Infrastructure as Code: From Manual Provisioning to Ansible + Terraform
After three years of manually provisioning VMs through ssh and adjusting docker-compose files on the hosts, I finally committed to Infrastructure as Code. April 1, 2024: First commit to the infrastructure repository.
The Problem
Since my first homelab post in November 2020, I’d accumulated a collection of snowflake servers—each one unique, manually configured, and completely undocumented.
The cost:
- ❌ 4-hour recovery times for failed VMs
- ❌ Deployment anxiety (one wrong click = broken service)
- ❌ Zero reproducibility
- ❌ Tribal knowledge locked in my head
The wake-up call: A hard drive failure on my GitLab VM. I had no backup of the VM configuration. Was it 8GB or 16GB of RAM? What VLAN was it on? Where were the mount points?
The Solution
Every component of my infrastructure is now defined in code. No more clicking through UIs. No more manual SSH sessions.
Two-Layer Architecture
Terraform: Manages external/immutable infrastructure.
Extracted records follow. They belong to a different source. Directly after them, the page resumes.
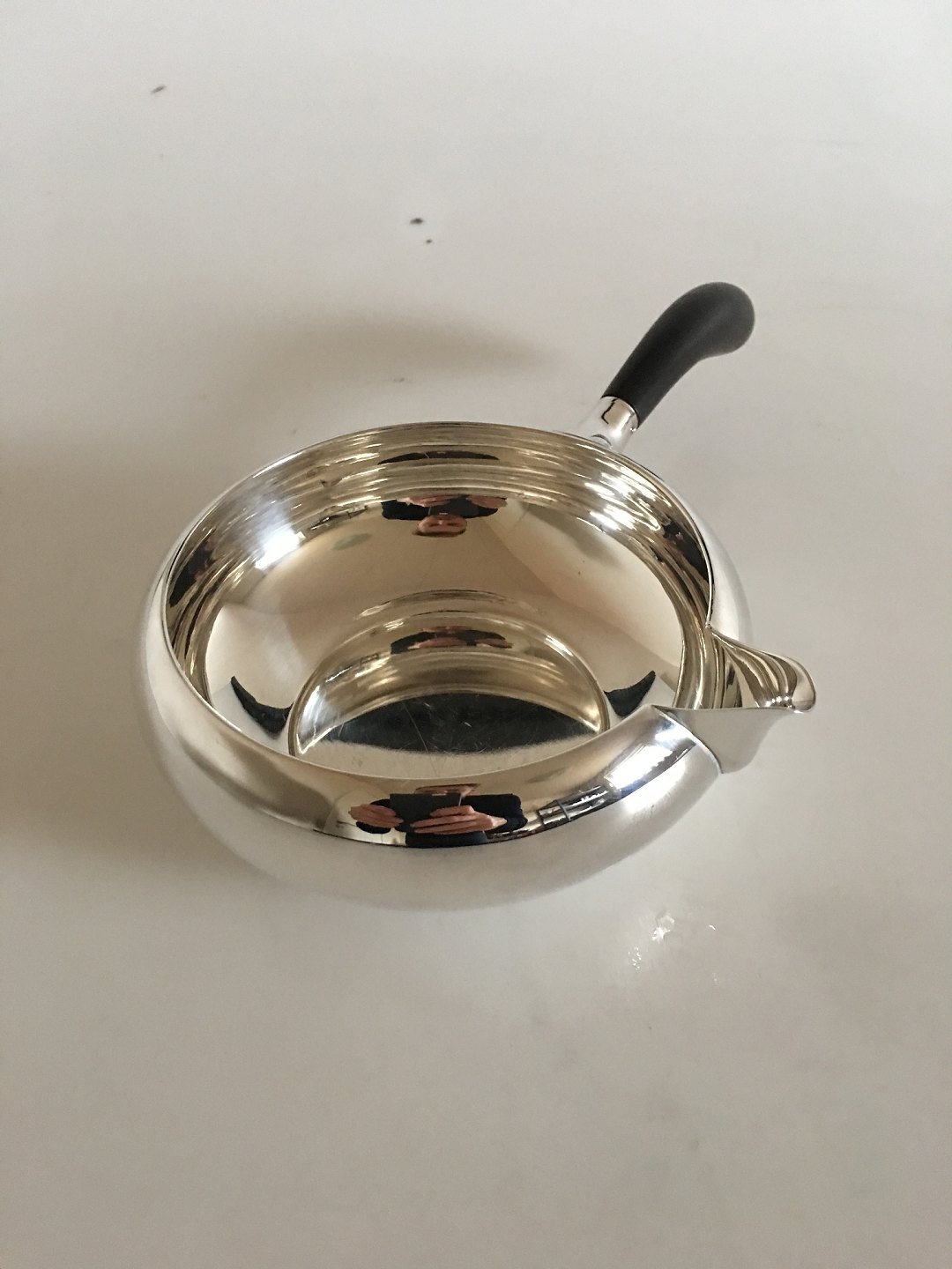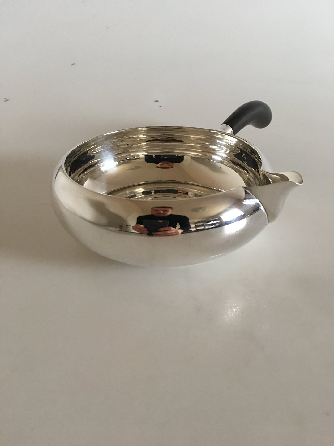 Svend Toxværd Silver Sauce Bowl with Wooden Handle. Measures 14 cm dia (5 33/64"). The Handle measures 10 cm L (3 15/16"). In fine condition.
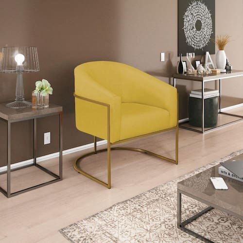 - A Poltrona Luiza Base de Ferro Dourado Suede chegará montada para você;
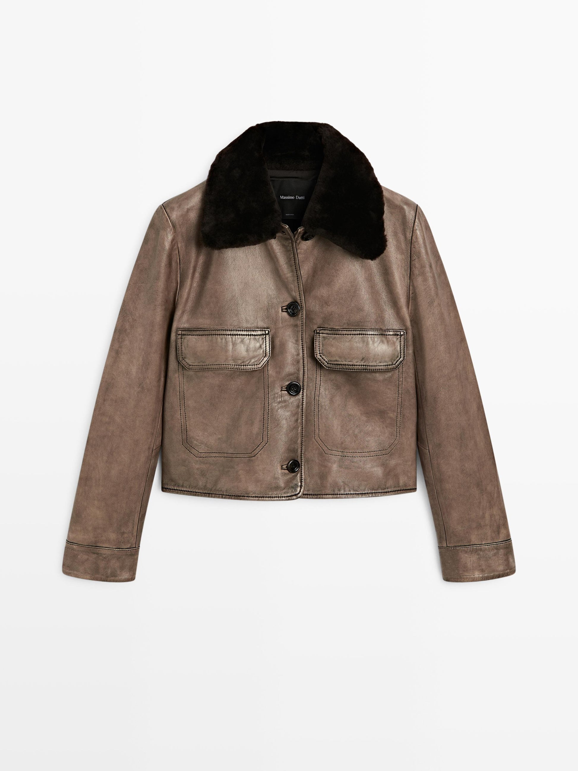 Sheepskin leather jacket with nappa finish. Long sleeves with buttoned cuffs. Shirt collar. Button-up front. Detachable leather collar with fur. Two flap pockets. Lined. Worn effect.
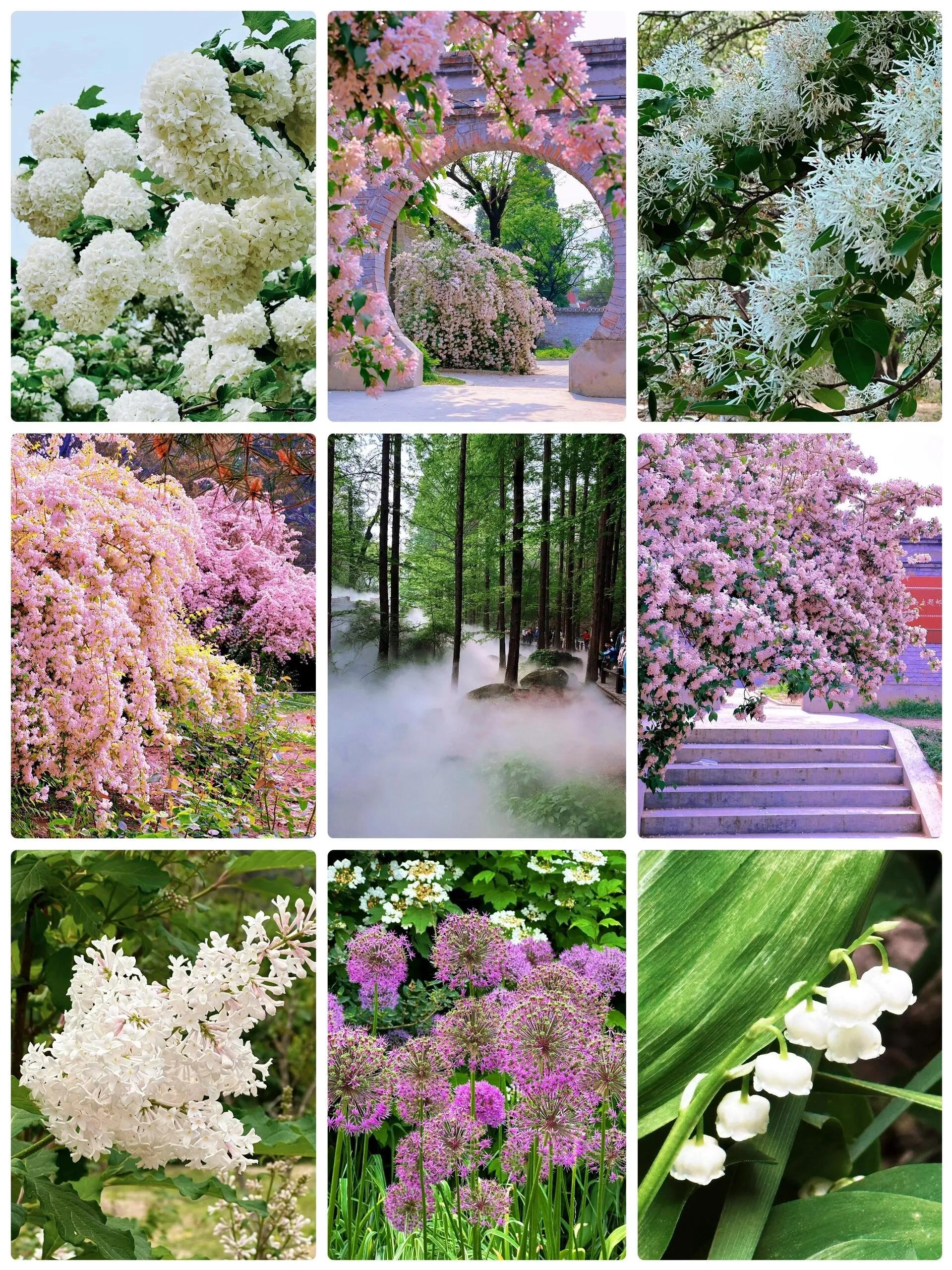 目前盛花期的品种有木绣球、铃兰、牡丹、猬实和鸢尾。而珙桐、鹅掌楸、郁金香和丁香已经进入末花期了。

- Cloudflare DNS records and Tunnel
Ansible: Manages mutable state and VM lifecycle.
- Proxmox VMs (provisioning from cloud-init templates)
- Docker containers
- File system configurations (NFS mounts)
- Service orchestration
Why both? Terraform manages external resources. Ansible handles everything on Proxmox VMs.
Implementation
VM Provisioning with Ansible
Before, I clicked through Proxmox UI screens and hoped I wrote down what I did.
Now, VM specs are defined in YAML:
# vars/vm_specs.yml
vms:
- name: ruby
vmId: 920
target_node: pve5
cores: 8
memory: 16384
disk:
scsi0: 'nvme-thin:200'
net:
net0: 'virtio,bridge=vmbr0,tag=50'
ipconfig:
ipconfig0: 'ip=192.168.50.20/24,gw=192.168.50.1'
tags: ['ansible', 'gitlab-runner']
clone: 'ubuntu-24.04-server-cloudinit-template'
# roles/hypervisor/tasks/provision_vm.yml
- name: Provision VM from cloud-init template
community.general.proxmox_kvm:
api_host: "{{ ansible_host }}"
node: "{{ inventory_hostname }}"
name: "{{ vm_name }}"
vmid: "{{ vm_id }}"
clone: "{{ vm_clone }}"
cores: "{{ vm_cores }}"
memory: "{{ vm_memory }}"
net: "{{ vm_net }}"
state: "{{ vm_state }}"
Benefits:
- ✅ Reproducible (spin up identical VMs from templates)
- ✅ Version controlled (VM specs in Git)
- ✅ Self-documenting (vm_specs.yml IS the documentation)
- ✅ Idempotent (run multiple times safely)
Application Deployment
Before: SSH in, manually install packages, hope nothing breaks.
After:
# roles/platform_one/tasks/gitlab.yml
- name: Ensure GitLab directory structure
file:
path: "{{ container_data }}/ruby/gitlab"
state: directory
- name: Template GitLab docker-compose
template:
src: gitlab-docker-compose.yml.j2
dest: "{{ container_data }}/ruby/gitlab/docker-compose.yml"
notify: restart gitlab
- name: Deploy GitLab container
community.docker.docker_compose_v2:
project_src: "{{ container_data }}/ruby/gitlab"
state: present
Run once: ansible-playbook main_playbook.yml --tags gitlab --limit ruby
Terraform → Ansible Integration
Terraform outputs (VM IPs, bucket names) flow into Ansible via a generated vars file:
# terraform/outputs.tf
resource "local_file" "ansible_vars" {
filename = "${path.root}/../../vars/tf_ansible_vars_file.yml"
content = yamlencode({
minio_endpoint = minio_s3_bucket.backups.endpoint
vault_addr = vault_auth_backend.oidc.path
})
}
Ansible consumes this automatically:
# playbook.yml
- hosts: all
vars_files:
- vars/tf_ansible_vars_file.yml
The Results
Full environment rebuild:
$ cd terraform/1-infrastructure && terraform apply
$ ansible-playbook main_playbook.yml
That’s it. Every VM, every service, every configuration restored from code.
This was the foundation. Terraform came later in December 2024. For now, Ansible handled everything—VM provisioning, Docker deployments, configuration management. The infrastructure repo was born on April 1, 2024. What followed was rapid iteration.